Temporal distribution of the number of shifts in monthly mean surface wind speed series for 1951–2014

Full size image

4.2 Causes of the inhomogeneities in the wind speed series

Table 3 provides specific causes for the shifts in monthly mean wind speed series. In the 10 inhomogeneous stations, instrument change was the most common cause, followed by automation. Although relocation caused the largest number of breakpoints (Table 2), the inhomogeneous stations were impacted the least. Station metadata indicate that the breakpoints at stations Baodi (54525), Dongli (54526), Ninghe (54529), and Tanggu (54623) were all caused by instrument change, focusing on the type and height change; but the instrument type change from Velder wind pressure gauges to EL anemometrographs had the greatest impact, causing 69% of all breakpoints at the four stations. The effect of instrument height change was mainly at station 54529, where the height increased by 4.2 m; this effect accounted for 31% of all the breakpoints at the four stations.

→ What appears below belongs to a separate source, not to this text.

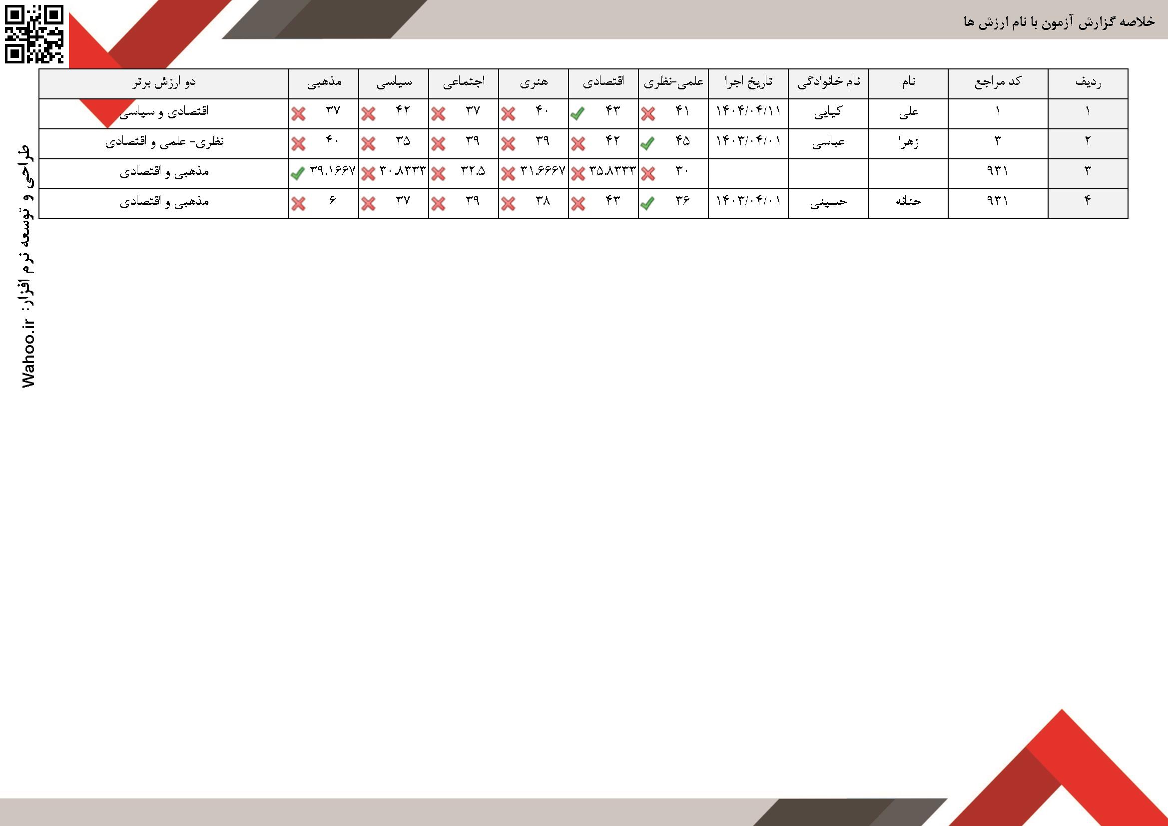 | مشاهده نتایج بر روی وب سایت توسط کاربر | امکان مشاهده نتایج با کد ملی و یا کد منحصر به فرد برای هر شخص | |||

Table 3 Homogeneity correction information for monthly mean surface wind speed series at 13 stations in Tianjin
Full size table

Figure 3 shows the time series of annual mean raw and adjusted monthly mean wind speed at four representative stations. The annual wind speed series values at station 54525 (Fig. 3a) were abnormally larger before the year 1970, and for stations 54526 and 54623 with the shift before year 1974 and 1995, respectively, but the values at station 54529 (Fig. 3b) are unusually smaller before the shift in 1997 due to the instrument height increase. However, the shifts in the wind speed series at each station caused by instrument change were almost entirely corrected with homogenization, which makes the series relatively flat and continuous, shown in Fig. 3a, b.

Fig. 3
figure 3

The time series of annual means of the raw (dashed curve) and adjusted (solid curve) monthly mean surface wind speed at a Baodi, b Ninghe, c Tianjin, and d Dagang stations

Full size image

The shifts in monthly mean surface wind speed series at Tianjin (54527) and Hangu (54530) stations were both due to the effects of automation, based on their metadata. These shifts occurred between 2002 and 2004, especially for station 54527, where the monthly series from January to December in 2003 all have breakpoints. The annual values of wind speed based on the raw monthly series at station 54527 (Fig. 3c) were abnormally smaller before 2004 due to automation, but much larger for station 54530 prior to 2004. Similarly, data homogenization almost corrected the shifts at the two stations caused by automation, making their wind speed data relatively reasonable.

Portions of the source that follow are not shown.